"Korban menandatangani formulir dalam keadaan kosong. Pertanyaannya sekarang, siapa yang kemudian mengisi nominal Rp182 juta itu? Apakah pimpinan BRIGuna, teller, atau pihak lain? Sampai sekarang tidak ada penjelasan mengenai hal tersebut," katanya.
Selain itu, Bayu juga menyoroti dugaan penyimpangan prosedur kerja yang dilakukan sejumlah pegawai. Menurutnya, berdasarkan mekanisme perbankan, teller tidak memiliki tugas mendatangi nasabah untuk membawa dokumen dan meminta tanda tangan, sementara Account Officer (AO) juga tidak semestinya menyerahkan berkas kepada teller untuk proses tersebut.
"Kalau mekanismenya seperti itu, berarti ada pelanggaran prosedur yang cukup besar. Teller seharusnya bertugas di kantor melayani transaksi, sedangkan AO memiliki tugas yang berbeda. Ini yang menurut kami perlu didalami lagi," ujarnya.
Bayu menilai fokus penyidikan selanjutnya seharusnya mengarah pada pihak yang mengisi nominal pinjaman Rp182 juta dalam formulir yang sebelumnya ditandatangani kosong oleh korban.
"Fenomena terbesar dalam perkara ini adalah siapa yang mengisi angka Rp182 juta itu.

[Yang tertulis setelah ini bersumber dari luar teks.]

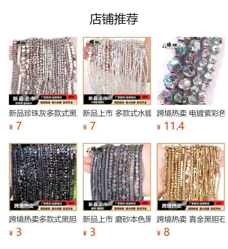 Cuentas sueltas de mineral de hierro de 2-10 mm con forma de gota de agua galvanizada, cuentas de piedra biliar negra, accesorios para pulseras, cuentas redondas al por mayor

Menurut kami, hal itu harus diungkap karena sampai hari ini belum ada penjelasan yang terang," ucapnya.
Lebih jauh, Bayu menegaskan bahwa putusan pengadilan yang telah inkrah terhadap mantan teller BRI menjadi dasar untuk mengevaluasi kembali jawaban BRI kepada OJK yang sebelumnya menyatakan pinjaman tersebut sah.
"Setelah putusan itu inkrah dan teller dinyatakan bersalah oleh majelis hakim melakukan tindak pidana penipuan, maka secara tidak langsung empat poin pernyataan yang disampaikan BRI kepada OJK dan menyebut pinjaman itu sah harus dikoreksi kembali. Karena sekarang sudah ada putusan pengadilan yang menyatakan salah satu karyawan BRI Sumenep terbukti melakukan tindak pidana penipuan," tegas Bayu memaparkan.
Menurutnya, kondisi tersebut menjadi alasan kuat bagi OJK untuk kembali menelaah proses pemberian kredit tersebut, termasuk menilai apakah mekanisme yang dijalankan telah sesuai dengan prinsip kehati-hatian perbankan dan perlindungan terhadap nasabah.
Sementara itu, Pemimpin BRI Cabang Sumenep, Ali Topan, belum memberikan tanggapan atas pernyataan tersebut.